In the standard interpretation of quantum mechanics, the quantum state, also called a wavefunction or state vector, is the most complete description that can be given to a physical system. Solutions to Schrödinger's equation describe atomic and subatomic systems, electrons and atoms, but also macroscopic systems, possibly even the whole universe. The equation is named after Erwin Schrödinger who discovered it in 1926.

Schrödinger's equation can be mathematically transformed into the Heisenberg formalism, and into the Feynman path integral. The Schrödinger equation describes time in a way that is inconvenient for relativistic theories, a problem which is less severe in Heisenberg's formulation and completely absent in the path integral.
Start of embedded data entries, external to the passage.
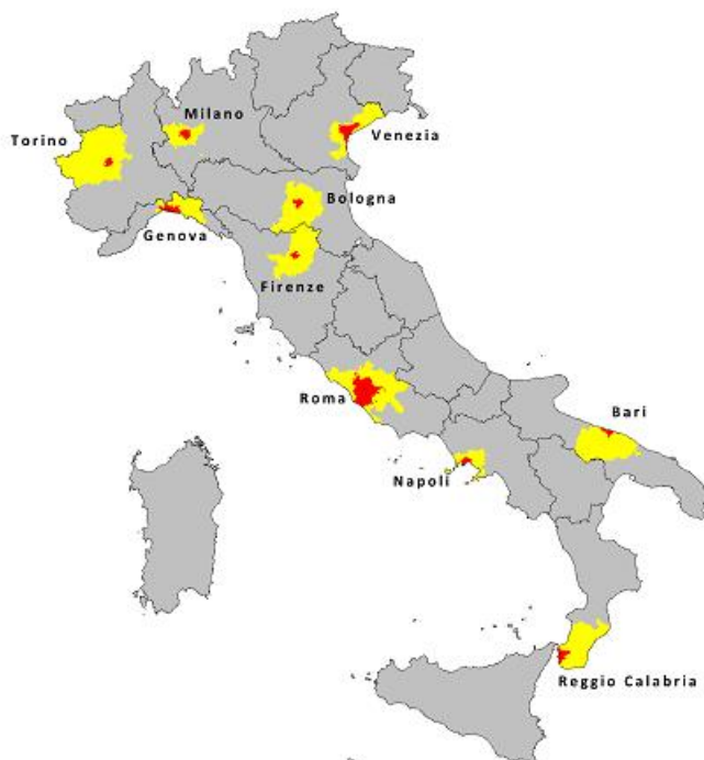
Figura 1 Le 10 città metropolitane nelle regioni a statuto ordinario, 2014
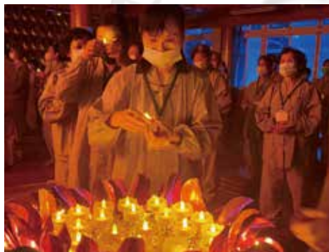
▲佛前供燈，照破黑闇，迎向光明。
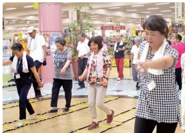
イオンタウン佐沼で定期的に行われている「タウンウォーキング」。
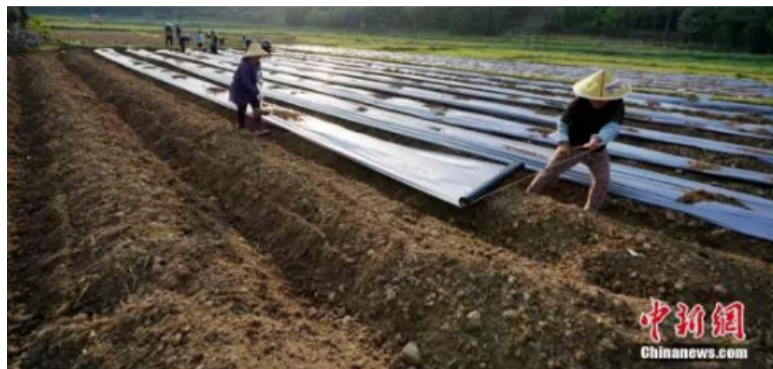
资料图：农民在田间铺地膜。
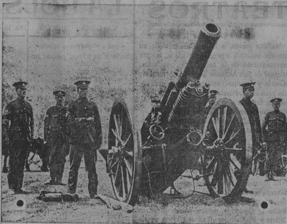
DE LA GUERRA.—Cañón antiaéreo.
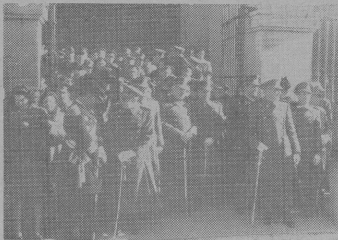
El Ministro del Ejército y otras altas personalidades militares salen del templo de San Francisco el Grande después de asistir a la ceremonia religiosa celebrada con motivo de la festividad de la Inmaculada Concepción
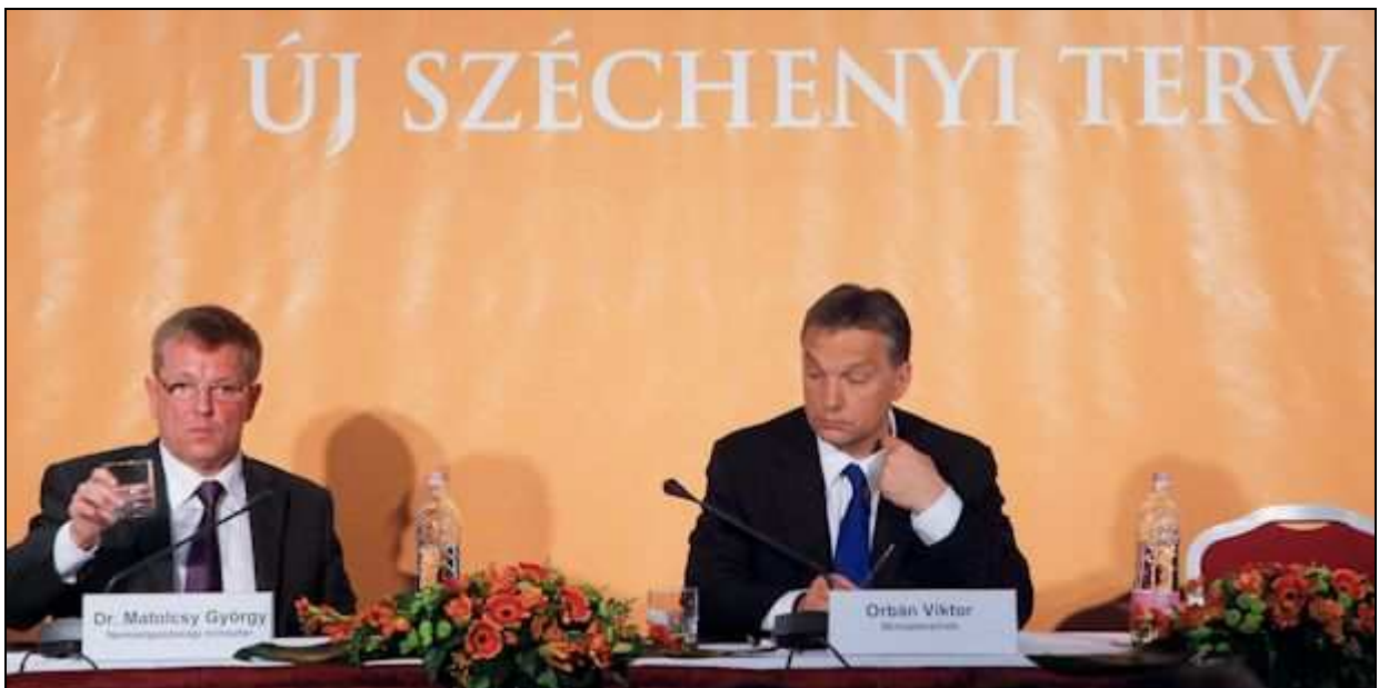
Orbán Viktor és Matolcsy György

Nem lehet csodálkozni tehát azon, hogy senki sem szívesen mászik bele ebbe a „masszába”, még ha lenne is e téren muníciója. Én azonban ezt már elkezdtem, amikor néhány hónapja megjelent könyvemben ( Kényszerpályák, tévutak – Az új nomenklatúra ) a Széchenyi Tervről is írtam (az elsőről), mint az egyik lehetséges tévútról, egyben álszervizűről. Túlzó elnevezéséről (Széchenyi felismeréseihez való hasonlításáról), leszűkölt hatóköréről (az érintett területeket sem mind hangolja össze) és a pénzosztás praktikumának való alárendeléséről. Ebből következőleg az első Széchenyi Terv feltehetőleg nem a legkedvezőbb hatékonysággal biztosította a célok elérését. A probléma hasonló, mint az autópálya-építésnél: jó, hogy épültek autópályák, de nem mindegy, mennyiért. Más hatókörű és személetes megvalósítás nyilván jobb eredményt hozhatott volna. Úgy láttam és látom, hogy hiba és pazarlás lenne, ha minden ott folytatódna e tervvel, ahol abbamaradt.
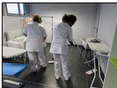
TP lavage humide

A la sortie de 3 ème de collège, SEGPA (Section d'Enseignement Général et professionnel Adapté), EA (Enseignement Agricole). Affectation affelnet, dossier à remplir dans le collège d'origine.

For stationary potential, the time-dependent Schrodinger equation reduces to the time-independent Schrodinger wave equation (TISWE). The TISWE can be solved for two types of problems: (1) open systems and (2) bound states. Reading material regarding the treatment of the open systems and the bound-state problem is provided in the link below. Also provided are links to the PCPBS Lab (piece-wise constant potential barrier system)and the BSP Lab (bound states problem). These two simulation labs, in addition to supplemental reading material, also contain homework exercises.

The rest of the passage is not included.